The story so far: On October 2, Israeli Foreign Minister Israel Katz announced that Israel had banned United Nations Secretary- General (UNSG) António Guterres from entering the country, accusing him of “backing” Hamas, Hezbollah, the Houthis, and Iran.
Why did Israel ban the UN chief?
According to Mr. Katz, the decision to declare Mr. Guterres “PNG” (persona non grata) was taken because he hadn’t “unequivocally condemned” Iran’s missile strikes on Israel earlier in the week, and thus the UNSG does not “deserve to set foot on Israeli soil”. Mr. Katz also claimed that the UNSG had not denounced the terror attack by Hamas on October 7 last year, which left about 1,200 Israelis dead, and 250 taken hostage. The UNSG and UN bodies have, in fact, condemned the attack a number of times. In a statement in April, Mr. Guterres had condemned the use of “sexual violence, torture and kidnapping of civilians”, calling the “horror unleashed by Hamas” unjustifiable. In the context of the latest escalation, which included Israel’s strikes on Lebanon that killed hundreds and took out the top leadership of Hezbollah, as well as Iran’s launch of 200 missiles targeting Israeli bases, Mr. Guterres named neither country, saying in a statement that he “condemned” the broadening of the West Asia conflict, calling for a ceasefire. A day after the Israeli ban was announced, the UNSG issued a clarification, saying that he “strongly condemned” the “massive missile attack by Iran on Israel.” However, Israel has not withdrawn the ban.

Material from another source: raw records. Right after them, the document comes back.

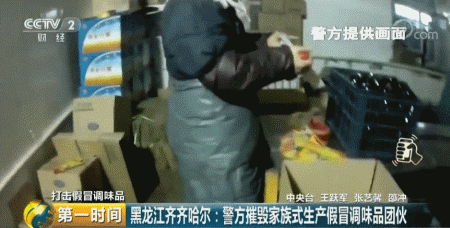 黑龙江齐齐哈尔市公安局建华分局民警 邵开明:因为他自己的产品从味道上和色泽上,以及其他的市场产品有区别,于是他就想了一个方法,到市场上低价购买过期产品,用过期产品与自己生产的产品进行勾兑调味。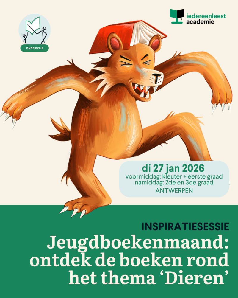 Deze inspiratiesessie dompelt je helemaal onder in het boekenaanbod van Jeugdboekenmaand. Je leert boeken rond het thema 'Dieren' kennen en leert hoe je dat boekenaanbod doelgericht kan inzetten in je klas of school. Aan het einde van de opleiding zit je vol ideeën om in je klas of school aan de slag te gaan.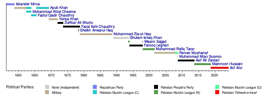There have been a total of 13 presidents. The first president was Iskander Ali Mirza who entered office on 23 March 1956. The current office holder is Arif Alvi, who took charge on 9 September 2018, following his victory in the 2018 elections.[1]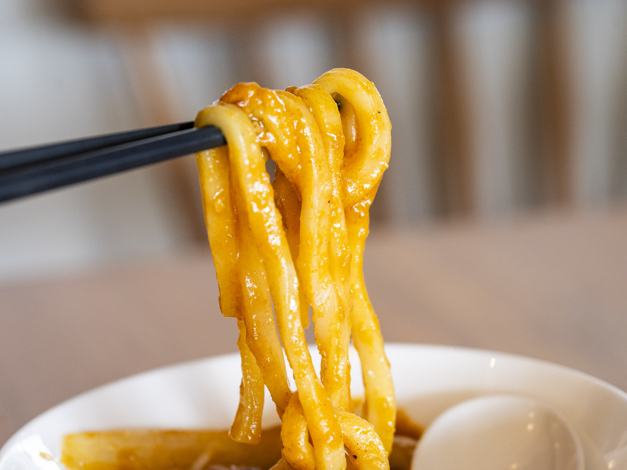 店頭に揺れる「カレーうどん」ののぼりに、思わず二度見する人も。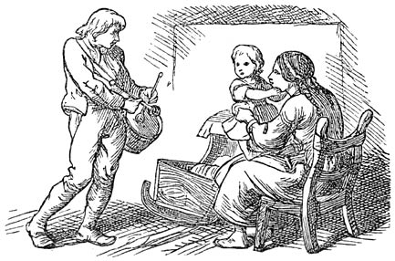 De kinderen wilden met hem spelen; maar het eendje dacht, dat zij hem kwaad wilden doen en vloog in zijn angst juist in het melkvat, zoodat de melk overal in de kamer rondspatte. De vrouw sloeg de handen in elkaar, waarop het eerst in het botervat en toen in de meelton vloog. Wat zag het er nu uit! De vrouw schreeuwde en sloeg met de tang naar het arme beest; de kinderen liepen elkaar omver, om het eendje te pakken; zij lachten en schreeuwden!—’t Was gelukkig, dat de deur openstond en dat het tusschen de takken in de versch gevallen sneeuw kon sluipen. Daar bleef het geheel uitgeput liggen.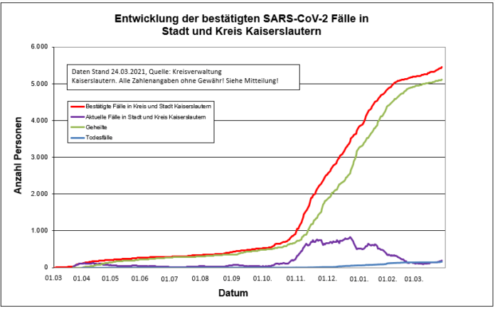Aus dem Landkreis Kaiserslautern wurde ein Todesfall gemeldet. Corona-Zahlen für die Stadt und den Landkreis Kaiserslautern können Sie dieser Statistik entnehmen:

Is there a history to Israel-UN tensions?
The ban on Mr. Guterres is part of a larger Israeli argument against the UN, which it claims is run by the “anti-Israel” bloc of Arab and Islamic countries and affiliated organisations like UNRWA that it alleges are involved with Hamas. At the UN General Assembly last week, angry at a number of UN resolutions backed by a big majority of countries that called for a ceasefire and criticised Israel, Israeli Prime Minister Benjamin Netanyahu called the UN an “anti-Semitic swamp”. Israel has in the past banned UN Special Rapporteurs and other senior officials accusing them of “bias” against Israel and in favour of the Palestinian side. Last year, outraged at Mr. Guterres’ remarks to the UNSC that the October 7 attacks had not occurred “in a vacuum” and that they followed “56 years of suffocating occupation” of Palestinian areas, Israel banned then-UN Under-Secretary General Martin Griffiths. Alongside his comments on Hamas, Mr. Guterres has also been consistently critical of Israeli bombardment of Gaza. More than 40,000 Palestinians have been killed thus far, including 15,000 minors, and a record number of 135 UN personnel working with Palestinian refugees, which the UNSG called a “moral stain”, referring to Gaza as a “graveyard for children.”
Has such a ban happened before?
According to former Indian Permanent Representative to the UN, Asoke Mukerji, the ban on the UNSG is “unprecedented”, recalling that the closest a country came to such an action was in 1950, when the then-USSR accused UNSG Trygve Lie of bias on the Korean crisis and threatened to veto his re-election. Citing the UN charter (Article 100, para 2), which says “each Member of the United Nations undertakes to respect the exclusively international character of the responsibilities of the Secretary-General and the staff and not to seek to influence them in the discharge of their responsibilities,” Mr. Mukerji told The Hindu, “we all need the Secretary-General for substantive and logistical reasons.” In 1987, the U.S. had banned Kurt Waldheim who had earlier been UNSG (1972-1981) and Austrian President (1986-1992), when it emerged that he had been complicit in Nazi war crimes during his time in the Austrian Army in the Second World War.
How has the world reacted to Israel’s ban?
A day after the ban was announced, the UN Security Council issued a statement, which is only possible with the concurrence of all P-5 members, that said “any decision not to engage with the UN Secretary-General or the United Nations is counterproductive, especially in the context of escalating tensions in the Middle East.” The U.S. State Department called it “not productive to improving [Israel’s] standing in the world.” Even the Ministry of External Affairs, that has taken care not to be over-critical of Israel, was dismissive. “Mr. Guterres is the UNSG for us. What somebody else says about it, what third person says is not our area of outlook or a matter to comment on,” said spokesperson Randhir Jaiswal on Friday.